▶ WHAT TO PRODUCE
Copy exactly the lines of the data below that run from the line holding "De Gevavi Syrdic" through the line holding "Một bản remixed", both ends included.

▶ MATERIALS PROVIDED
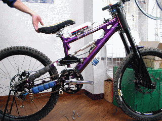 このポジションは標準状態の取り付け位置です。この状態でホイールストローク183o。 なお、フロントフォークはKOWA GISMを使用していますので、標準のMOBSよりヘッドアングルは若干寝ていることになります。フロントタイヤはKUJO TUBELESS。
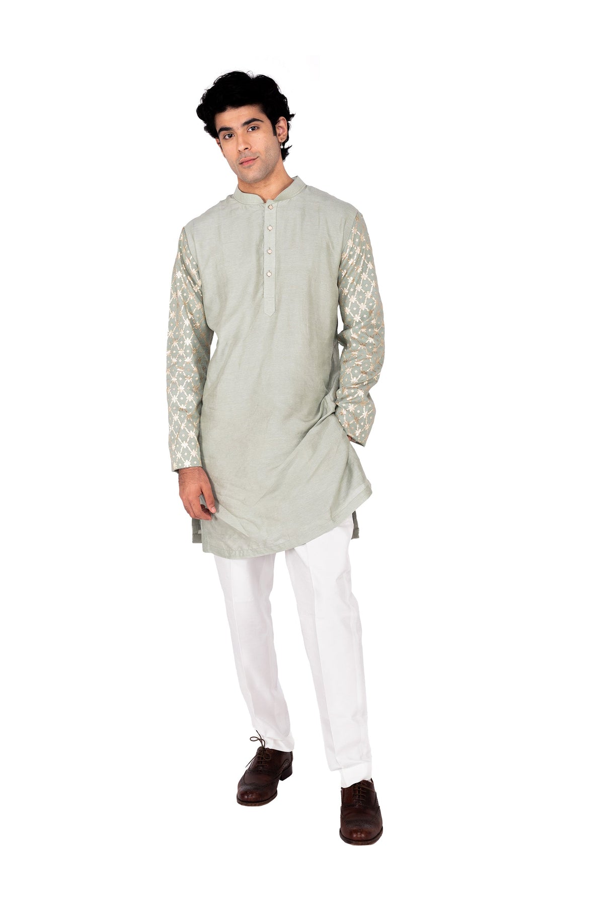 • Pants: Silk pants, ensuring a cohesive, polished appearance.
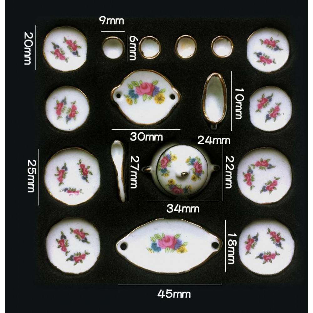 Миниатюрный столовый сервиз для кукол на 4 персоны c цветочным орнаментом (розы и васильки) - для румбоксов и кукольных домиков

* * *

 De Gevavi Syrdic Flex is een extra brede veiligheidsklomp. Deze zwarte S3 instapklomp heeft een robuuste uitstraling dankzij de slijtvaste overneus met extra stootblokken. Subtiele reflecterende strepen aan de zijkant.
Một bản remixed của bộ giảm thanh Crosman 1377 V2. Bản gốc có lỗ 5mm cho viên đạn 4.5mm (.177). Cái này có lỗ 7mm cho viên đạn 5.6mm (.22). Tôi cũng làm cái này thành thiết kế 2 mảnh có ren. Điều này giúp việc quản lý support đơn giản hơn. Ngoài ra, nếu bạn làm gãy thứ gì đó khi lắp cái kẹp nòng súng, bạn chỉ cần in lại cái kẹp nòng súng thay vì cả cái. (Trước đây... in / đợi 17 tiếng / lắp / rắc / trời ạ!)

--

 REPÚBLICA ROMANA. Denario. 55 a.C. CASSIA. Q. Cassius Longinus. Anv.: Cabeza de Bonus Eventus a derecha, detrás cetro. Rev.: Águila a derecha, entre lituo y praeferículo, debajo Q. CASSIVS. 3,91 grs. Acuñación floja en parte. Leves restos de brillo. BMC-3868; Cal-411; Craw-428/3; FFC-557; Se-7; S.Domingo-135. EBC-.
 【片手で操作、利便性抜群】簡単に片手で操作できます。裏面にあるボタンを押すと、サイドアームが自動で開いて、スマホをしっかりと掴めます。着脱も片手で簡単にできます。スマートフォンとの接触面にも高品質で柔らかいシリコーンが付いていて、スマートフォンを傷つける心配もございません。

▶ YOUR SOLUTION
 De Gevavi Syrdic Flex is een extra brede veiligheidsklomp. Deze zwarte S3 instapklomp heeft een robuuste uitstraling dankzij de slijtvaste overneus met extra stootblokken. Subtiele reflecterende strepen aan de zijkant.
Một bản remixed của bộ giảm thanh Crosman 1377 V2. Bản gốc có lỗ 5mm cho viên đạn 4.5mm (.177). Cái này có lỗ 7mm cho viên đạn 5.6mm (.22). Tôi cũng làm cái này thành thiết kế 2 mảnh có ren. Điều này giúp việc quản lý support đơn giản hơn. Ngoài ra, nếu bạn làm gãy thứ gì đó khi lắp cái kẹp nòng súng, bạn chỉ cần in lại cái kẹp nòng súng thay vì cả cái. (Trước đây... in / đợi 17 tiếng / lắp / rắc / trời ạ!)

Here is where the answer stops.